> Work required
Set the listing down again exactly, please, apart from its pictures.

> Given information

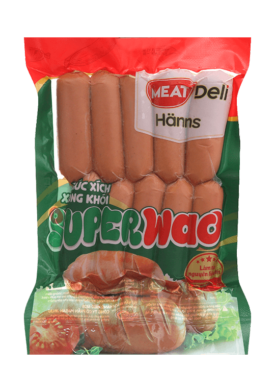 Xúc xích xông khói Superwao MEATDeli là một trong những sản phẩm chế biến từ thịt gà của thương hiệu này. Sản phẩm không chỉ thỏa mãn nhu cầu về một món ăn nhanh gọn, tiện lợi mà còn đảm bảo về chất lượng dinh dưỡng, mang đến bữa ăn giàu protein và năng lượng.
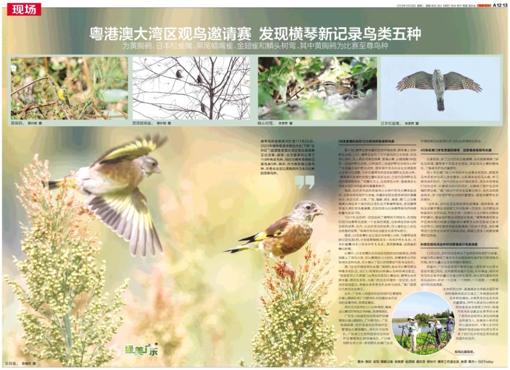 “28个队伍在同一时间去到了横琴的不同地方,在很短时间内给横琴鸟类做一个全面的调查,也取得发现新鸟种这样的成果。此外,从这次观鸟的结果,可以看到这几年生态修复的效果。”珠海市观鸟协会副会长李芳华表示。
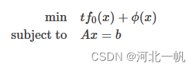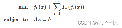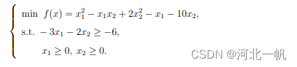 障碍函数内点法的主要思想是:把不等式约束放进目标函数里。以下面的问题为例
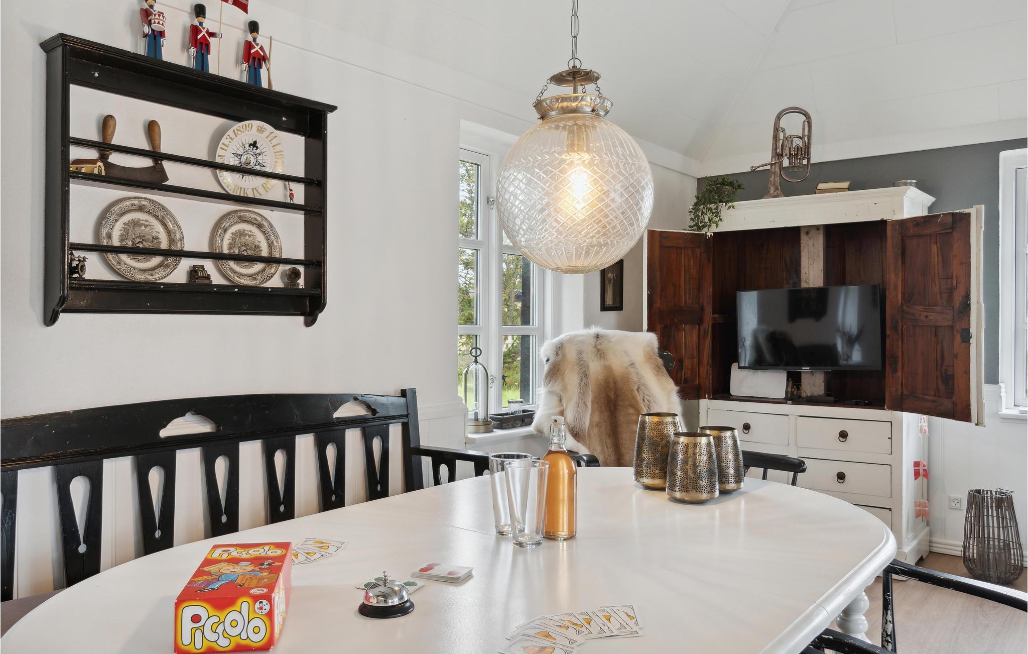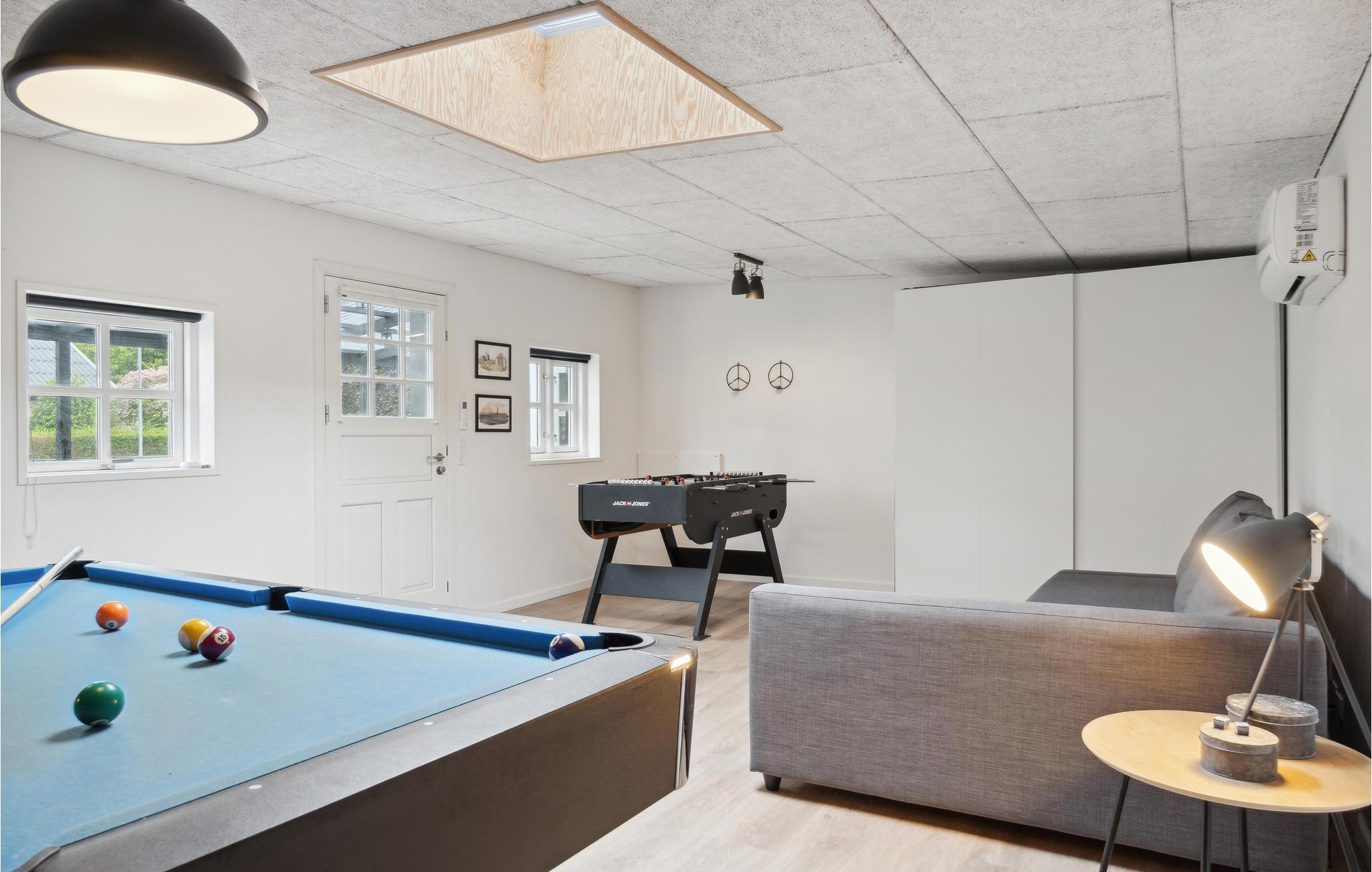 Reisen Sie mit Ihrer Familie in den Norden Dänemarks und verbringen am schönen Kattegat Strand unvergessliche Ferien. Wenn ihnen eine stilvolle und komfortable Einrichtung mit schönen dekorativen Akzenten wichtig sind, ist das einladende Ferienhaus genau das richtige für Sie. Kommen Sie im offenen Wohnraum, mit sichtbare Holzbalken, zum Spielen und Kochen zusammen. Ein zusätzlicher Aktivitätsraum bietet Ihnen zudem Spaß beim Billard oder Tischkicker und lässt Sie lange Abende mit Unterhaltung verbringen.

> Your solution
 Xúc xích xông khói Superwao MEATDeli là một trong những sản phẩm chế biến từ thịt gà của thương hiệu này. Sản phẩm không chỉ thỏa mãn nhu cầu về một món ăn nhanh gọn, tiện lợi mà còn đảm bảo về chất lượng dinh dưỡng, mang đến bữa ăn giàu protein và năng lượng.
 “28个队伍在同一时间去到了横琴的不同地方,在很短时间内给横琴鸟类做一个全面的调查,也取得发现新鸟种这样的成果。此外,从这次观鸟的结果,可以看到这几年生态修复的效果。”珠海市观鸟协会副会长李芳华表示。
 障碍函数内点法的主要思想是:把不等式约束放进目标函数里。以下面的问题为例
 Reisen Sie mit Ihrer Familie in den Norden Dänemarks und verbringen am schönen Kattegat Strand unvergessliche Ferien. Wenn ihnen eine stilvolle und komfortable Einrichtung mit schönen dekorativen Akzenten wichtig sind, ist das einladende Ferienhaus genau das richtige für Sie. Kommen Sie im offenen Wohnraum, mit sichtbare Holzbalken, zum Spielen und Kochen zusammen. Ein zusätzlicher Aktivitätsraum bietet Ihnen zudem Spaß beim Billard oder Tischkicker und lässt Sie lange Abende mit Unterhaltung verbringen.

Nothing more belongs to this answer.